Avec le projet de taxe GAFA (acronyme qui désigne Google, Apple, Facebook et Amazon), le gouvernement français, notamment par la voix de son ministre de l'Économie Bruno Le Maire - soutenu par plusieurs de ses homologues européens - semble aujourd'hui déterminé à contraindre les grandes multinationales du numérique à mieux contribuer à l'impôt, quitte à assumer un certain isolement. Aux États-Unis, certains élus démocrates vont même plus loin : ils prônent désormais un démantèlement pur et simple, considérant que la menace dépasse largement l'évasion fiscale et sape l'économie réelle, voire la démocratie. Pourtant, cette super puissance des grandes entreprises qui menace les États n'est pas vraiment un phénomène récent.
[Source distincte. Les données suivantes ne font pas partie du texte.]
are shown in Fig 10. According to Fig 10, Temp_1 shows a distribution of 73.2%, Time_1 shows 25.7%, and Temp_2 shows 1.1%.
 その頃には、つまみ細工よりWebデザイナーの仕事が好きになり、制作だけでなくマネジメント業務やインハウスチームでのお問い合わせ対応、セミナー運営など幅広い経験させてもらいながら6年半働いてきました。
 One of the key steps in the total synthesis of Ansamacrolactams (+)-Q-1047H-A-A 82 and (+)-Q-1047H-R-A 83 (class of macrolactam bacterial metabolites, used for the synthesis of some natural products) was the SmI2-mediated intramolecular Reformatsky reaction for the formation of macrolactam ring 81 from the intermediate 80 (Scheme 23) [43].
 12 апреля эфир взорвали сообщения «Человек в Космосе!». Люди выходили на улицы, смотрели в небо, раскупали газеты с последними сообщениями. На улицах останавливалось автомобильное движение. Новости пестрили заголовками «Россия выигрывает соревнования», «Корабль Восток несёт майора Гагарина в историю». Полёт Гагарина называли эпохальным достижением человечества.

Au début des années 1980, le cinéaste Henri Verneuil réalisait « Mille milliards de dollars », un film qui brossait une critique acerbe des pratiques des firmes multinationales (FMN) et dénonçait leur pouvoir grandissant. Le trait était certes appuyé, souvent approximatif, mais pas caricatural. L'intention était de donner à voir la menace d'un capitalisme globalisé et certains mécanismes aussi discrets que redoutablement efficaces. Dans le scénario, le protagoniste, un journaliste incarné par Patrick Dewaere, s'inquiétait ainsi :

« En 1968, pour faire un chiffre d'affaires annuel de mille milliards de dollars, il fallait prendre les 6 000 premières sociétés du monde. En 1978, elles n'étaient plus que 50, aujourd'hui elles sont 30, demain elles seront 5 peut-être. Et à la limite pourquoi pas une ».
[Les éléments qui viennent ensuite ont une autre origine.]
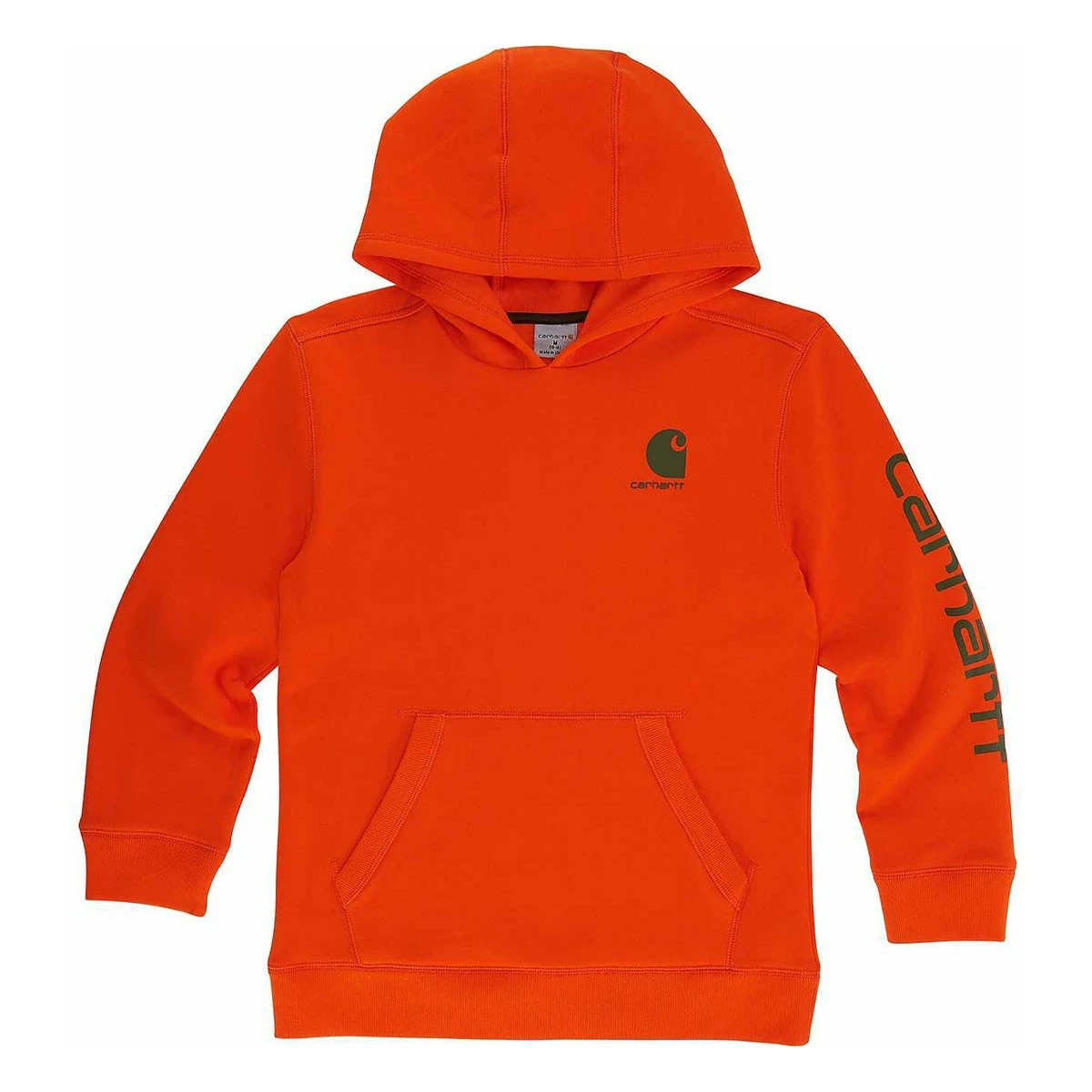 - Carhartt ‘C’ screen-print on chest; Carhartt logo screen-print on sleeve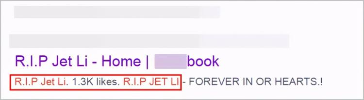 据悉,该媒体表示这些消息是从外网社交平台上获得,在FB网站上有关于“R.I.P. Jet Li”的信息流传,并且已经获得了很多“like”(类似关注、追踪功能),我们搜索了一下,发现确实有“R.I.P. Jet Li”的信息在外网上流传,获得的“like”约为1.3千,由此可见“李连杰去世”的假消息在外网传播的有些厉害。

La question sous-jacente concernait bien entendu la nature du contre-pouvoir à opposer à ces acteurs privés devenus plus puissants que des États.
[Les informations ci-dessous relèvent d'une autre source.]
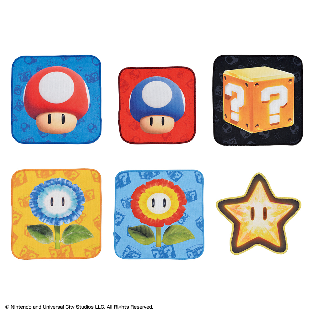 映画『ザ・スーパーマリオブラザーズ・ムービー』に登場するアイテムがデザインされたミニタオル。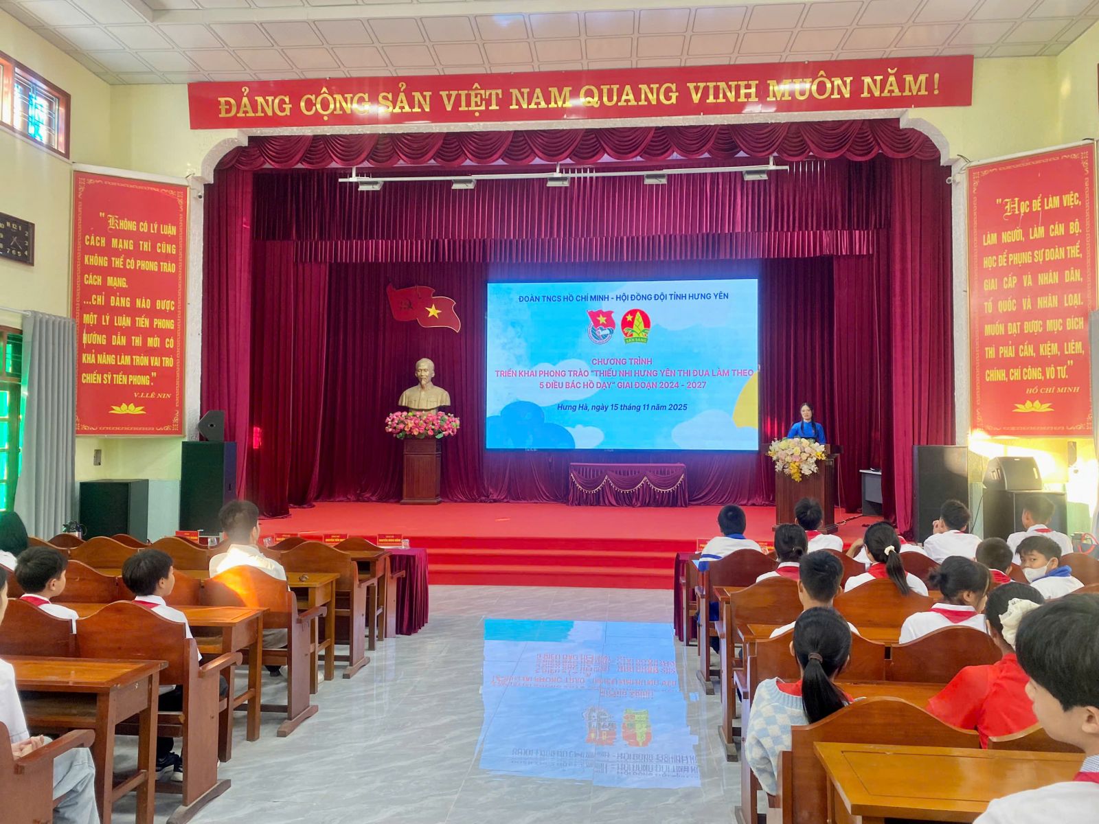Sáng ngày 15/11/2025, Ban Thường vụ Tỉnh đoàn - Hội đồng Đội tỉnh tổ chức Chương trình triển khai phong trào "Thiếu nhi Hưng Yên thi đua làm theo 5 điều Bác Hồ dạy" giai đoạn 2024 - 2027 tại xã Hưng Hà, tỉnh Hưng Yên.

Près de 35 ans plus tard, cette prédiction s'est réalisée. En 2017, il suffisait effectivement de seulement trois FMN pour concentrer ces fameux mille milliards de dollars de chiffre d'affaires, et seulement 10 si on veut compter en dollars constants de 1982. De toute évidence, le signal d'alarme tiré par Henri Verneuil n'a pas réussi à enrayer le phénomène, ni dans le monde ni en France où au contraire il s'est développé plus qu'ailleurs.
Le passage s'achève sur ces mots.